Problem statement:
All pictures are to be omitted while the lines starting at the line with "difference of sin(x)" and ending at the line with "La eta princo trairis" in the material below are retyped exactly, both ends included.
──────── Records for this exercise
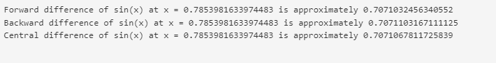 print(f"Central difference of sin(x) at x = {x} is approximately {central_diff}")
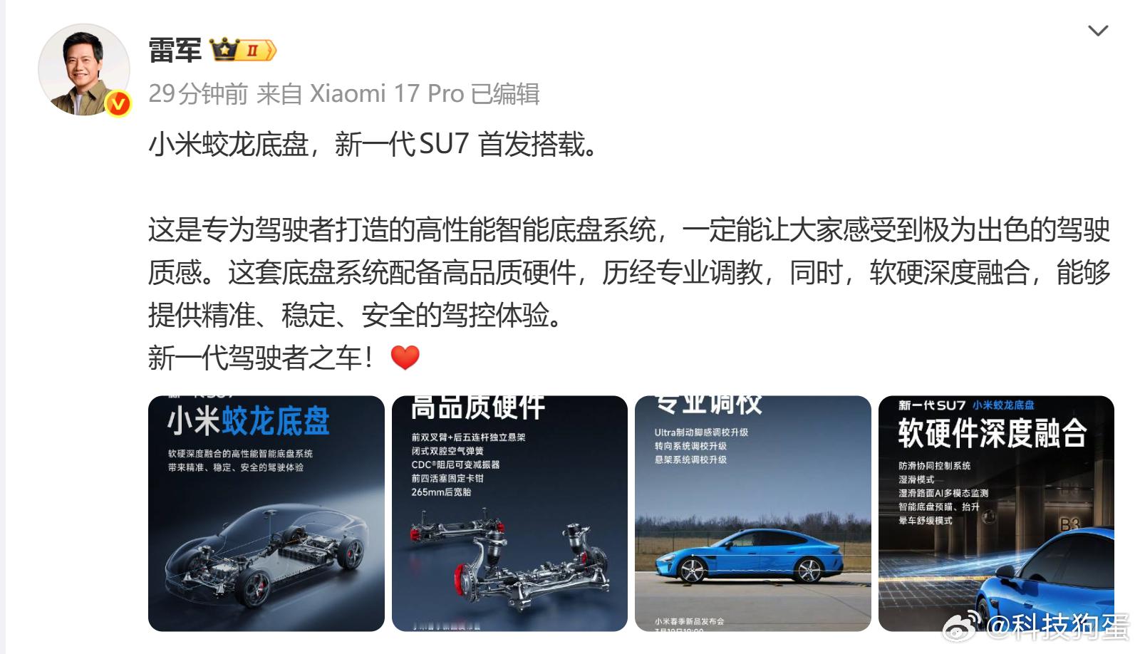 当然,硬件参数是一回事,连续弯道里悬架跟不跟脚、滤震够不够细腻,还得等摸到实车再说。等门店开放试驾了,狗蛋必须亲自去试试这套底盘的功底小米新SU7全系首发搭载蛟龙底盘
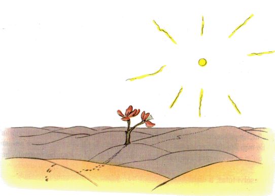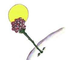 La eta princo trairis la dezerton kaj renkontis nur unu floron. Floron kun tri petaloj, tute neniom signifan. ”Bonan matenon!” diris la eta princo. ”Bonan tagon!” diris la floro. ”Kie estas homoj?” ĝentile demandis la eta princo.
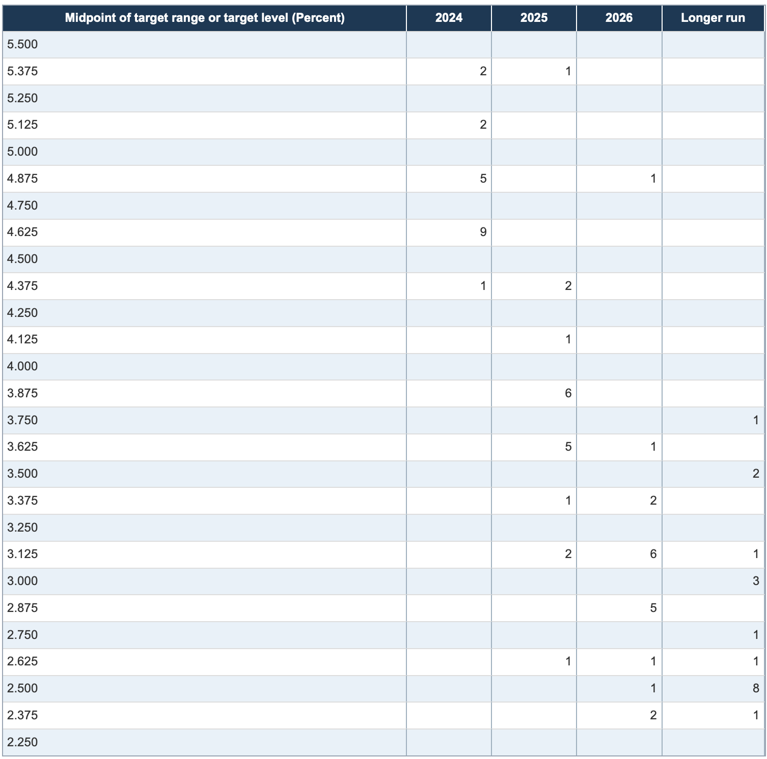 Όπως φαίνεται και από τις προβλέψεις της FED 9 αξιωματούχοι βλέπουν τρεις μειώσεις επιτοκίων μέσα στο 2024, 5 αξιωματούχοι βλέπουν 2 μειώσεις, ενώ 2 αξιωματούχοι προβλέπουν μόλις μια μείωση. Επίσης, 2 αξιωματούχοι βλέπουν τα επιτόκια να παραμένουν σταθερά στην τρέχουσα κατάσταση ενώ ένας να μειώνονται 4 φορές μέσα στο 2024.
────────────────
──────── Records for this exercise
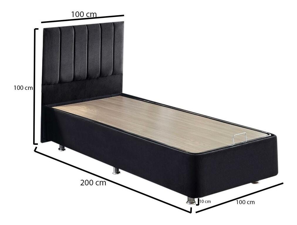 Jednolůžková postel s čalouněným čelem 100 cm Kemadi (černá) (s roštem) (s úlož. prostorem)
────────────────
──────── Records for this exercise
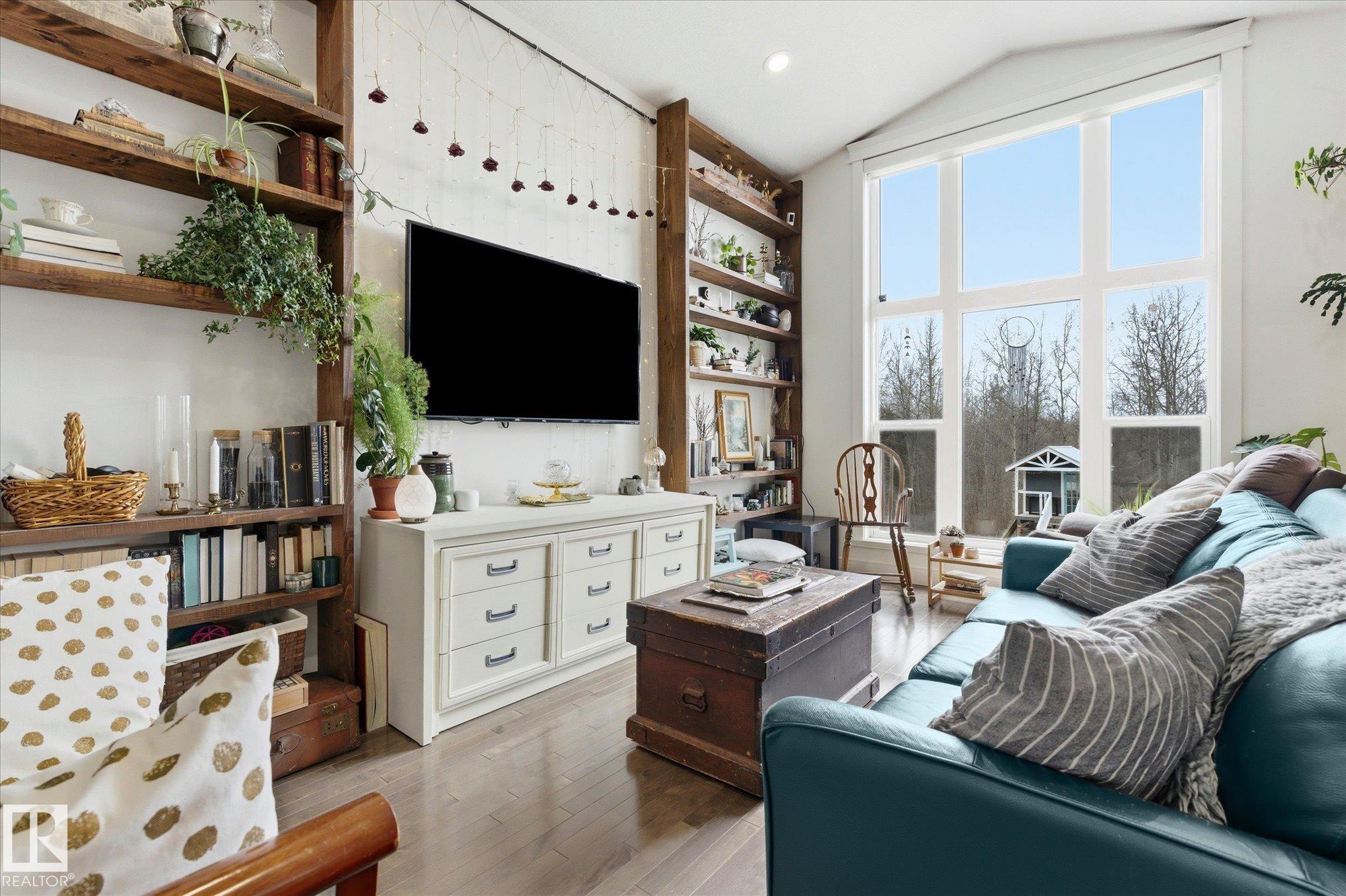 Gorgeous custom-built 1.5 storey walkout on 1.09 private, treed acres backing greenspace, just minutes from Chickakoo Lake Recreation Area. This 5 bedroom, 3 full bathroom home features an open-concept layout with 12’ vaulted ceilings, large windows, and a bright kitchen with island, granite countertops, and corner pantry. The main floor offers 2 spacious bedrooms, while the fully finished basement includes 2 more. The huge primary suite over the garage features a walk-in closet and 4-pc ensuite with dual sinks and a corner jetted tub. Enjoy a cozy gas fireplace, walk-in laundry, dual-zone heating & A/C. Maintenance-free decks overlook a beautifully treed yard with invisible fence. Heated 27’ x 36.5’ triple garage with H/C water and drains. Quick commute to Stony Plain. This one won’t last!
────────────────
Output for this exercise:
 print(f"Central difference of sin(x) at x = {x} is approximately {central_diff}")
 当然,硬件参数是一回事,连续弯道里悬架跟不跟脚、滤震够不够细腻,还得等摸到实车再说。等门店开放试驾了,狗蛋必须亲自去试试这套底盘的功底小米新SU7全系首发搭载蛟龙底盘
 La eta princo trairis la dezerton kaj renkontis nur unu floron. Floron kun tri petaloj, tute neniom signifan. ”Bonan matenon!” diris la eta princo. ”Bonan tagon!” diris la floro. ”Kie estas homoj?” ĝentile demandis la eta princo.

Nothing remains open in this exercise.